Trend 1- Back to the future: Audio eclipses streaming

by: Sabrina Clarke

· Transformation

I have not listened to one episode of the Joe Rogan Experience podcast. I may be one of the only people on the planet since it reportedly has had 191 million downloads for just one month. Many people know Joe Rogan, have heard his name, or became familiar with the recent COVID misinformation and Spotify controversy.

 While I have kept updated on the shenanigans, I am more interested in the trend. I recently mentioned I am watching three trends. Trend 1, Back to the future- Audio eclipsing video streaming is of particular interest. Entertainment started as audio before film, and video content took over. Audio took a back seat until voice content started to peak in 2014. Netflix, Hulu and other streaming platforms cannibalised the streaming content space until entertainment returned to audio. From podcasts, books to plays, audio is the future. That future is more individuals like Joe Rogan getting a $100 million deal reportedly and having advertisers vying for space during an episode.  Along with micro-content creators that appeal to a niche audiences.

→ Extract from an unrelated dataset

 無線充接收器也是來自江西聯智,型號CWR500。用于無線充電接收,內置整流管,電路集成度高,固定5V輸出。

Shifts start with wars. The war for talent has started. Neil Young announced that he would be leaving Spotify due to the Joe Rogan controversy. A list of artists soon followed. Tidal smartly started its marketing campaign to attract these celebrities and the conscious consumers who align to the boycott. The activist economy is alive and well, ensuring enough revenue to go around. While the future of Spotify's relationship and revenue with Joe Rogan remains intact, we can be sure companies are opening up their supply chains for content creators.

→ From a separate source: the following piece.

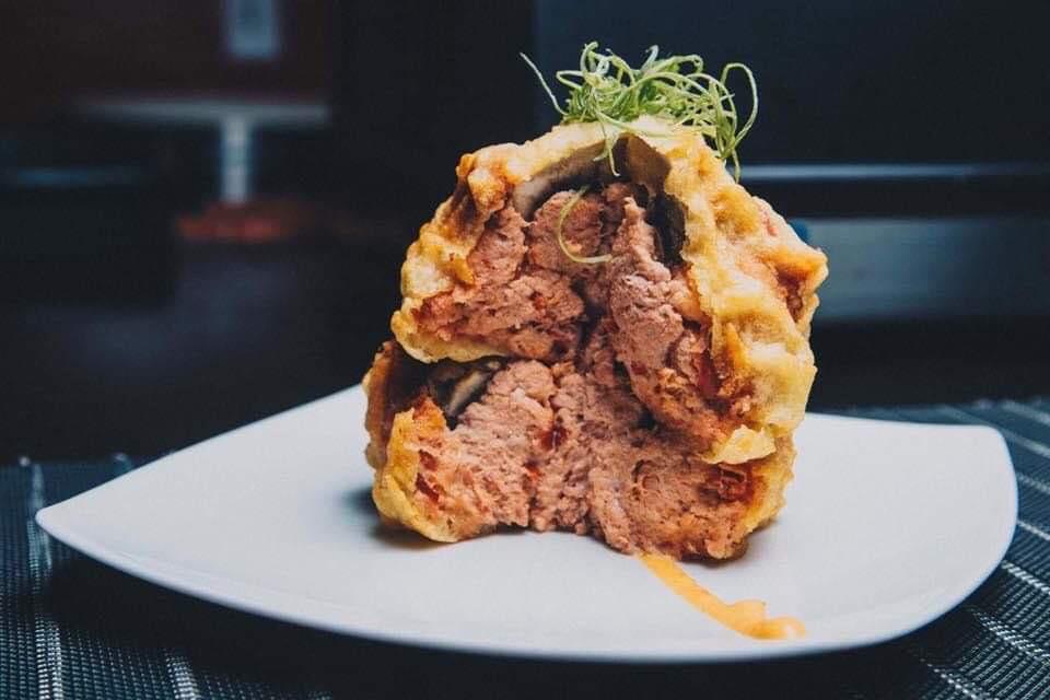 Cangrejo camaron capeado y aguacate forrado de queso y piña,bañado en crema de coco

Audio is becoming as integral as any digital portfolio. It leaves the question open about how companies will need to adapt to this change to engage with their clients, customers and consumers. Not everyone needs a podcast, nor is it appropriate for every business; however, for certain companies, establishing an audio presence will need to be fundamental to their marketing and thought leadership approach. For example, creating something as simple as an audio e-book to complement traditional digital e-books is a practical way to integrate the changes that audio brings to the marketplace. Whether or not companies engage with audio will be based on several variables. However, one thing that will not change is that audio is here to stay.